### Exercise brief
Pictures excluded, output the lines of the data below between the one holding "The number 1, associated" and the one holding "Weatherby, Select Plus, Ultra-High", inclusive, exactly as they stand.

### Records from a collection
- - - - -

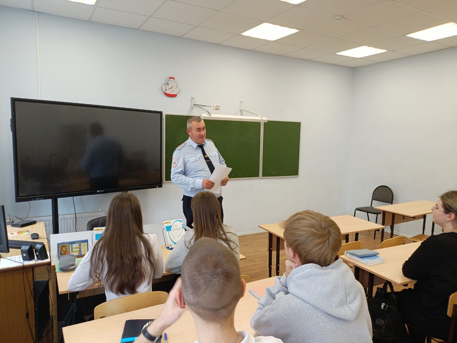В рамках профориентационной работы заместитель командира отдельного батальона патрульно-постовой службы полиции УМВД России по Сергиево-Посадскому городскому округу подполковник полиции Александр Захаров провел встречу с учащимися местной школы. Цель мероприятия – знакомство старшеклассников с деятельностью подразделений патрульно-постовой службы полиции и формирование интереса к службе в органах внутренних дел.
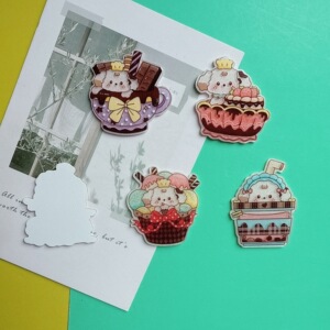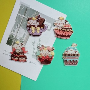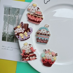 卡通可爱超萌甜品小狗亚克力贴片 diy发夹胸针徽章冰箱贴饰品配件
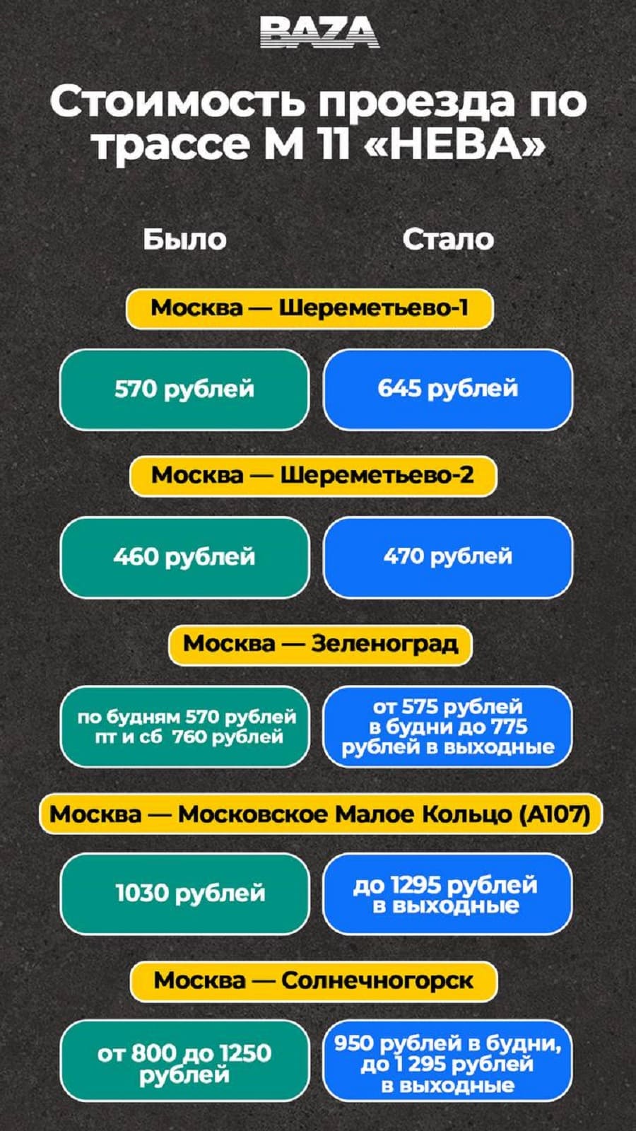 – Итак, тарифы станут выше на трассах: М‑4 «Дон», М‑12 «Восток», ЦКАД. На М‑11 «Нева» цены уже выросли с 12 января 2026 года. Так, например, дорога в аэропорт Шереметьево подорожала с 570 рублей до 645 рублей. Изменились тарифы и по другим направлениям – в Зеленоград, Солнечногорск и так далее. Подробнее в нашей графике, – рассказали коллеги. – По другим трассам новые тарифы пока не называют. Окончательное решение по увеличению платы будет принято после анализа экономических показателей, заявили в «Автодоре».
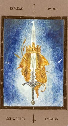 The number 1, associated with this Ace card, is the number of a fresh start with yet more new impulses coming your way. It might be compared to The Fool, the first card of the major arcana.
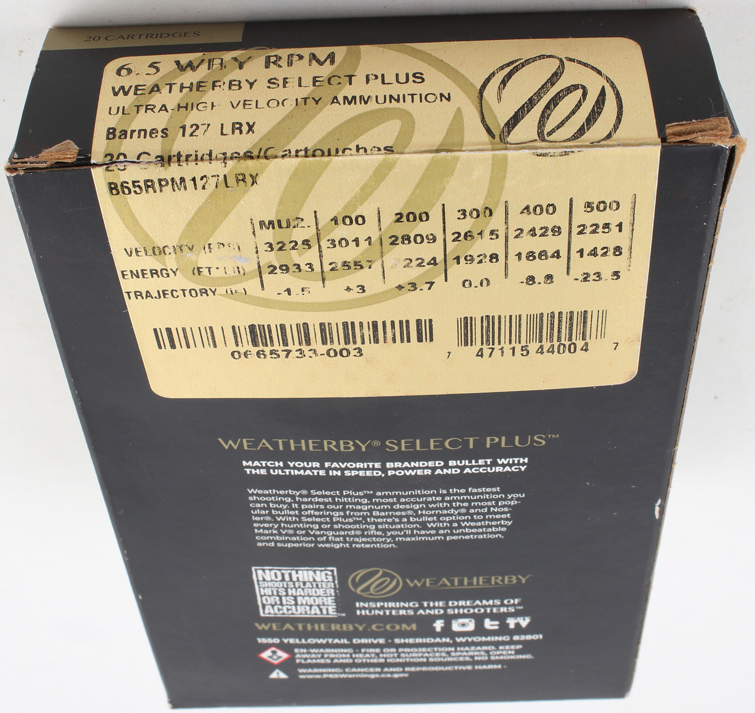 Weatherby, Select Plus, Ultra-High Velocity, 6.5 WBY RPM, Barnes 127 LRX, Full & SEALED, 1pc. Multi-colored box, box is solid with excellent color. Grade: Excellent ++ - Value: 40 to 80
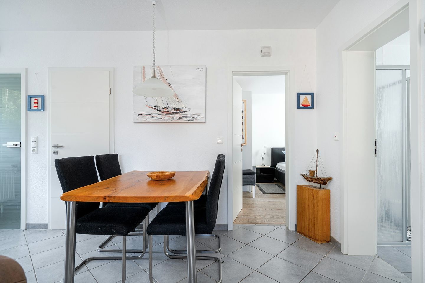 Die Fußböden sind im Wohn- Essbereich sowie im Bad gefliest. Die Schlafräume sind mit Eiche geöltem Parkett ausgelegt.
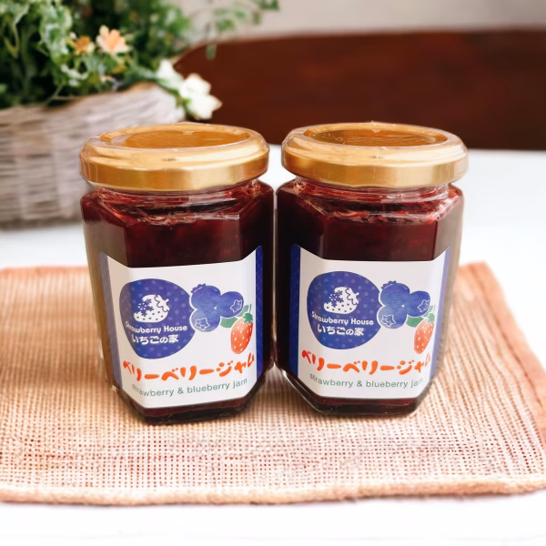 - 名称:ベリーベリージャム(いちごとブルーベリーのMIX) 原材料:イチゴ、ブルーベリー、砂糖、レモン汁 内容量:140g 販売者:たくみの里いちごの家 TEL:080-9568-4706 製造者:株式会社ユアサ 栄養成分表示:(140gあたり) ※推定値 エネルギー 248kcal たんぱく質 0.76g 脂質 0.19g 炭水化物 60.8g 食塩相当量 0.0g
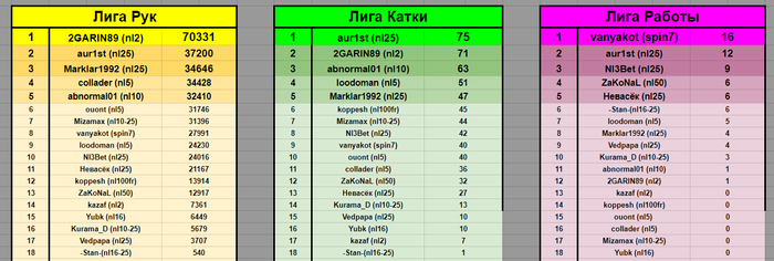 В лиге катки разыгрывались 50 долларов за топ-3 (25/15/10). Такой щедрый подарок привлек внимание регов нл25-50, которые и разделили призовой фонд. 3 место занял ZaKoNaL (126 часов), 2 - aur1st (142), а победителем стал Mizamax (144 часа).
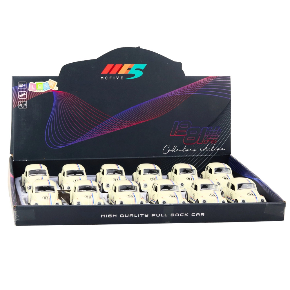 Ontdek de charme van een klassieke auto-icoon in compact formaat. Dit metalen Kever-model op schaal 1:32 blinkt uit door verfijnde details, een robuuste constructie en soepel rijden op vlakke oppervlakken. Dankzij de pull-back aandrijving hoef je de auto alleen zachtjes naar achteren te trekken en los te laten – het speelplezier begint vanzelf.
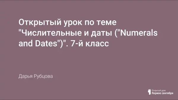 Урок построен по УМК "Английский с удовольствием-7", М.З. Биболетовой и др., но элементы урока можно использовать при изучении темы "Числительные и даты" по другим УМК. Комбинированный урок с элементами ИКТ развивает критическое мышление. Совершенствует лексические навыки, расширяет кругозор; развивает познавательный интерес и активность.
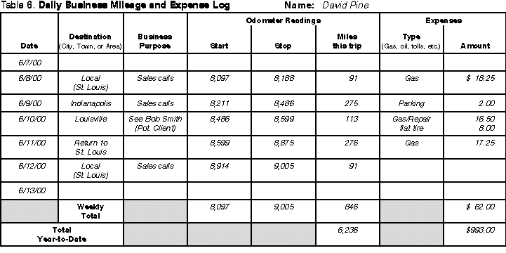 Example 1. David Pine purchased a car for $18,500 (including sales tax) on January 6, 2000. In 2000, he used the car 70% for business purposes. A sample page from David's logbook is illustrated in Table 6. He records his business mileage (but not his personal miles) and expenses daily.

- - - - -

### Task response
 The number 1, associated with this Ace card, is the number of a fresh start with yet more new impulses coming your way. It might be compared to The Fool, the first card of the major arcana.
 Weatherby, Select Plus, Ultra-High Velocity, 6.5 WBY RPM, Barnes 127 LRX, Full & SEALED, 1pc. Multi-colored box, box is solid with excellent color. Grade: Excellent ++ - Value: 40 to 80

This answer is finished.